Studio album by Los Pikadientes de Caborca
- Released: August 26, 2008
- Genre: Norteño
- Label: Norte

Los Pikadientes de Caborca chronology
|  | Vámonos Pa'l Río (2008) | La Tenía Más Grande (2009) |

= Vámonos Pa'l Río =

Vámonos Pa'l Río (Eng.: Let's Go To The River) is the title of a studio album released by norteño music band Los Pikadientes de Caborca. This album became their first number-one set on the Billboard Top Latin Albums.

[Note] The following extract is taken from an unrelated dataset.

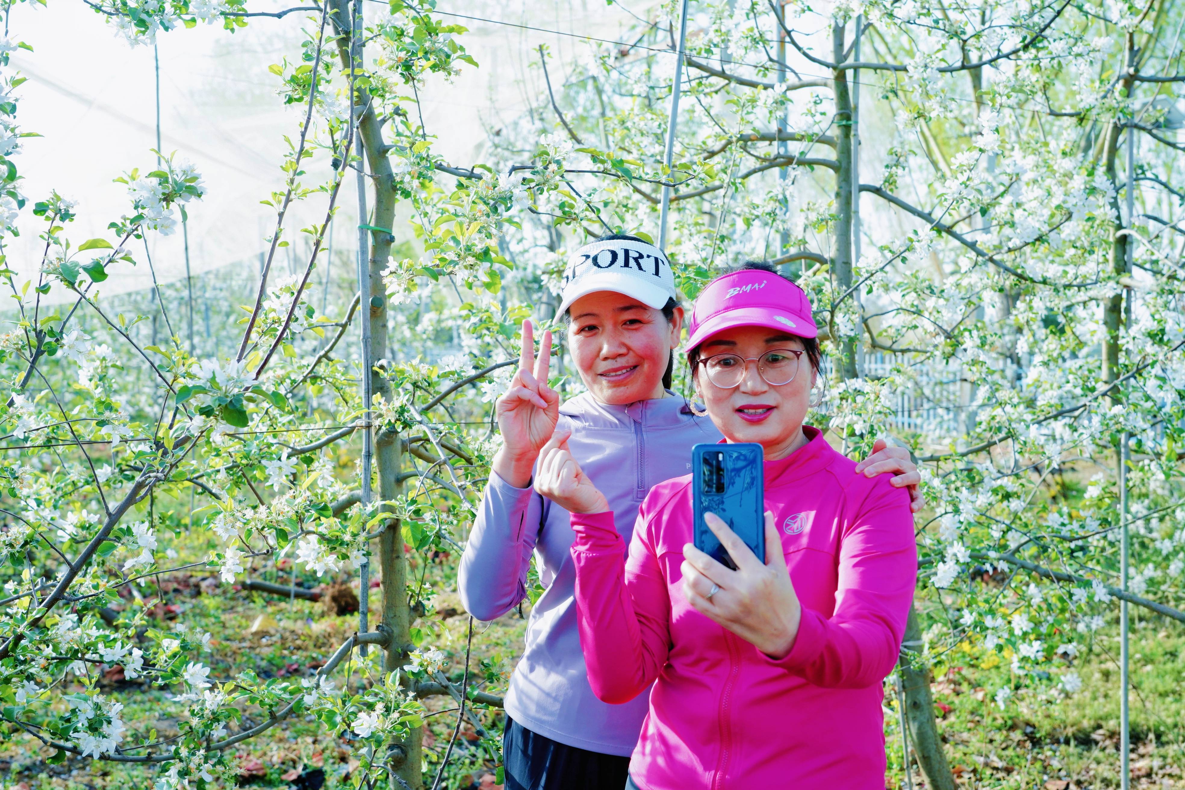 在苹果园区,果花挂满枝头,微风拂过,花枝摇曳,花瓣如雪般飘落,美不胜收的场面吸引了大批游客前来,他们穿梭在花海之中,脸上洋溢着陶醉的笑容,纷纷拿起相机、手机,变换着各种角度,捕捉着苹果花的美丽瞬间。

It received a nomination for Best Regional Mexican Album at the Grammy Awards of 2009.

==Track listing==
The track listing from Billboard.com

| No. | Title | Writer(s) | Length |
|---|---|---|---|
| 1. | "La Cumbia del Río" | Francisco González Terrazas | 1:46 |
| 2. | "La Machaca" | González | 2:25 |
| 3. | "El Chapulín" | González | 2:10 |
| 4. | "La Cumbia de Caborca" | González | 2:07 |
| 5. | "Agujetas de Color de Rosa" | Mike Grant | 2:51 |
| 6. | "I Love You (Te Amo)" | Rocco Damian | 3:08 |
| 7. | "Quiúbole" | José Juan Segura | 2:02 |
| 8. | "La Botella" | Romualdo Tadeu Willis, Eleonor Sacramento | 2:41 |
| 9. | "Ocuando Anduve Como Perro" | González | 2:49 |
| 10. | "Macorina Pon Pon" | Francisco Mandujano Hernández | 2:15 |
| 11. | "El Perro" | González | 1:45 |
| 12. | "La Cumbia del Río [Banda]" | González | 3:04 |

==Charts==

| Chart (2008) | Peak position |
|---|---|
| US Billboard 200 | 52 |
| US Top Latin Albums (Billboard) | 1 |
| US Regional Mexican Albums (Billboard) | 1 |

==Sales and certifications==

| Region | Certification | Certified units/sales |
| United States (RIAA) | Platinum (Latin) | 100,000^{^} |
^{^} Shipments figures based on certification alone.